Bernard si ritrova faccia a faccia col suo creatore, intento a scoprire la verità.
La perfezione della ripetizione, della ciclicità sequenziale, adorna una scena a tratti sospensiva per quanto evocativa: quella del viaggio di Bernard nel suo subconscio, alla scoperta della verità.
Ford finge di sottostare all’insubordinazione di Bernard, con ingannevole fare remissivo, quando fa volare le sue dita sul pad di comando per favorire quello che ha già deciso essere il suo ultimo test, nella speranza di vedere il suo partner donargli la fiducia che per i suoi ideali non ha potuto donargli in vita.
– «Il partner ideale, come un attrezzo e la mano che lo impugna.»
Prima di conoscere Arnold, Bernard ha bisogno di lasciar andare la memoria portante, così rivive il dolore per l’ultima volta.
– «Sei una bugia, Charlie. La pena per la tua perdita, la desidero. La rivivo. La rievoco ancora e ancora. È l’unica cosa che mi trattiene. Ma devo lasciarti andare.»
Soltanto allora, Bernard “distrugge il suo antefatto”, ed i comandi di suo figlio sembrano dissolvere la coltre di nevischio che blandamente separa le istanze psichiche, quasi come se fungessero da “calcio” (quell’espediente usato da Cobb nel film) per tornare senziente, gli permettono di tornare a ricordare di essere nato come tributo di Arnold, e non aver pertanto mai incrociato la sua persona.

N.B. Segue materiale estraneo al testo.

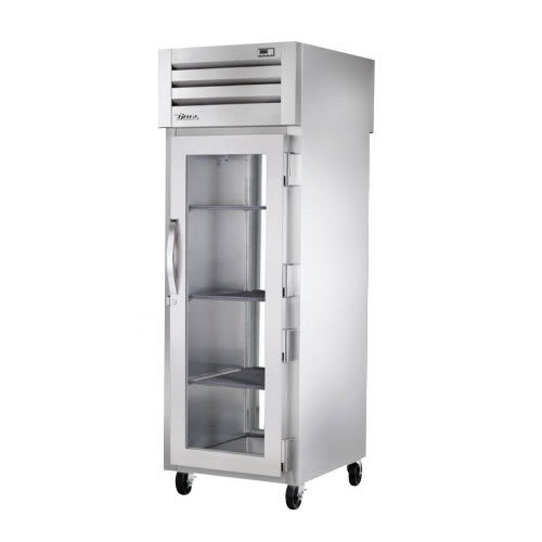 The True STR1RPT-1G-1G-HC Spec Series® pass-thru refrigerator is constructed of stainless steel, which provides rust and scratch protection. For insulation, polyurethane is foamed in the walls, and magnetic gaskets line the doors. Each door includes a bolt-style lock and is made of thermal-insulated, double-pane glass, which provides visibility and retains cold air. LED lights illuminate chilled product, while wire shelves promote airflow.

Poi Bernard fallisce all’irrisolvibile gioco del suo creatore, e dopo l’eleganza della voce narrante di Ford che disegna i tratti del suicidio del suo partner, arriva il saluto che fa da antitesi al commovente benvenuto che l’aveva visto venire in vita per la prima volta:
– «Addio, amico mio.»
“L’errore ci dona semplicemente l’opportunità di cominciare a diventare più intelligenti”, come diceva Henry Ford.
Contempliamo le nostre scelte, le passiamo in rassegna e le studiamo con quel macchinoso fare cavilloso di chi si illude di voler conoscere la storia per non doverla ripetere.
Cambiamo per poter tonare allo stesso medesimo punto di partenza al quale è tornato Bernard diventando Arnold, per poterci illudere del fatto che anche quel ritorno all’origine sia un cambiamento.
Proviamo e sbagliamo, per tornare a riprovare e sbagliare nuovamente.
Con accanimento quasi compiaciuto.
Forse è vero che il brutto è tragicamente più bello del bello, perché documenta il fallimento umano.
“Perché siamo soltanto esseri umani, e deluderemo sempre.”
Un saluto agli amici di Westworld Italia e Westworld– Italia!